A study from the United States showed a lack of progression following adequate treatment in 90.3% at 1 year, 83.1% at 5 years, 70.8% at 10 years, and 58.3% at 34 years 150. Thus highlighting the importance of appropriate management and follow-ups for these patients. Another study showed that angle procedures were 90% successful among patients presenting between 2 months and 1 year of age, compared to 50% among those presenting either in infantile or late-onset or late-recognized cases 151.

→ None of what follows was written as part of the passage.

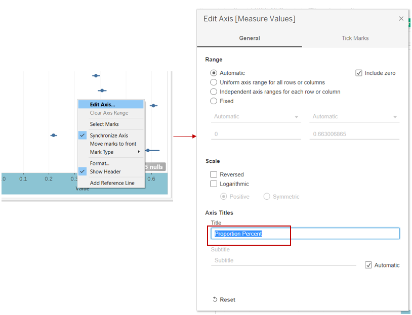 Step 16: Rename the axis by clicking on the axis and select “Edit Axis”. Change the Axis Title to “Proportion Percent”.

Consideration must also be given to the burden on caregivers, whose actions likely will affect the patient’s prognosis. Recent studies have highlighted that one-third of primary congenital glaucoma caregivers could have moderate to severe depression, and quality of life is poorer for the caregiver if the patient is older and has had the disease longer 152, 153.